Math Learning Progressions
Audience: Math teachers, math coaches, math interventionists, and special educators who work with students in grades K-5.
These workshop days with course options will demonstrate how the use of routines and clear mathematical language is central to student learning. Participants will practice developing tools and strategies to best reach all elementary students and will understand how patterns and techniques learned in Elementary Grades Math Lab can be used to support students as they work to meet learning outcomes.
Part 1: Understanding Strategies and Order for Additive and Multiplicative Reasoning, K-5
Part 2: Understanding Strategies and Order for Fractional Reasoning, K-5 (Part 2 requires participants to be skilled in teaching multiplicative reasoning, including: prime and composite numbers, multiplication, and divisibility rules.)
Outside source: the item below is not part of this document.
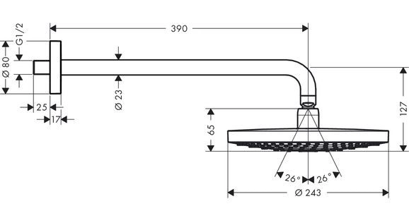 | 26466400 | HG Raindance Select S Верхний душ d240мм, 2jet (RainAir, Rain), шарнирное соединение, G1/2, с настенным держателем 390мм, цвет: белый/хром | 1 | HANSGROHE | Raindance Select S | А0002414770 |
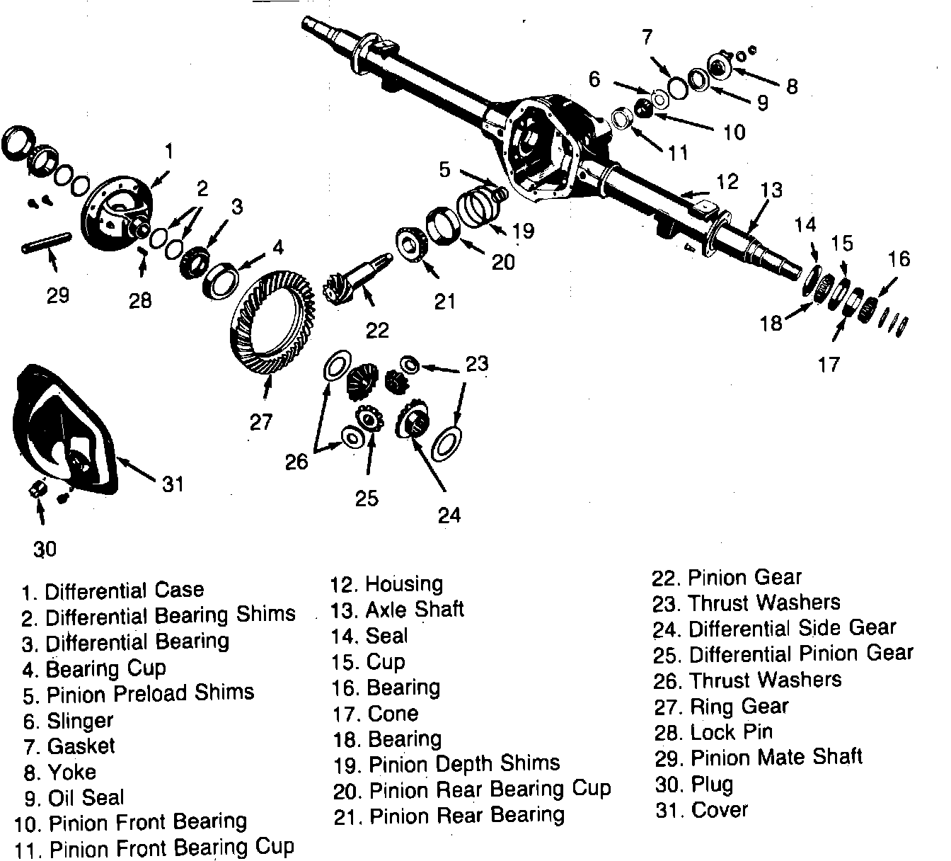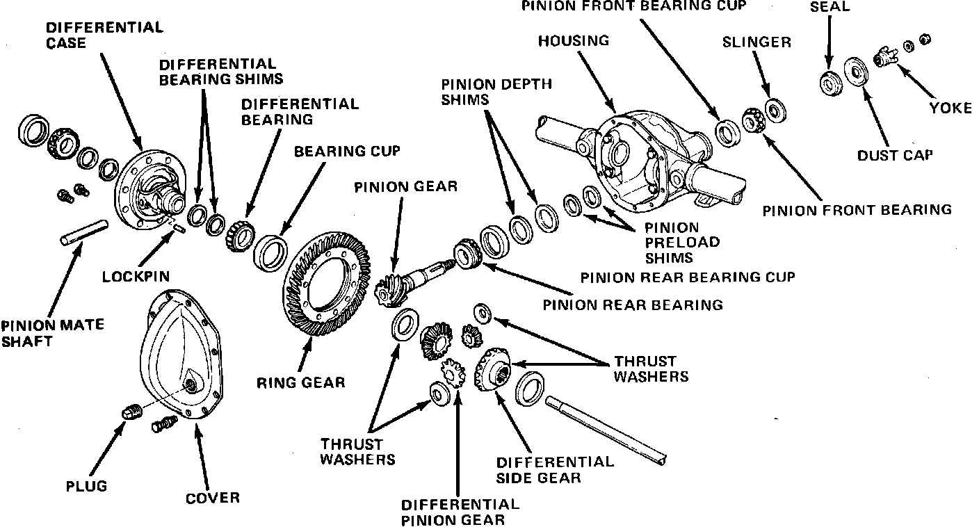 Fig. 1 Exploded view of model 60 rear axle:

In each of these sessions, workshop participants will:
Describe why conceptual and procedural understandings are important in the classroom.
Understand and integrate the mathematical progressions for K-5 math.
Identify student performance gaps for instructional intervention.
Develop a portfolio of mathematical questions to use for furthering student understanding and thinking.
Participants who take either part for course credit will use their learning to:
Research best practices, structures, and expectations that create a culture of learning and meet the needs of
every student in a math classroom. Write a synthesis paper showing these new understandings.
Design lessons or a unit to implement in their classrooms.
Observe and provide helpful feedback to a colleague’s math lesson, furthering their own learning and
practice.
Share their successes and challenges.
Kathy Gingras, M.Ed. is an elementary math teacher for grades 3-5 at Williamstown Elementary School. Angela LaCroix, M.Ed. is an elementary math teacher for grades kindergarten - 3, and a math interventionist for grades kindergarten - 7, at Washington Village School.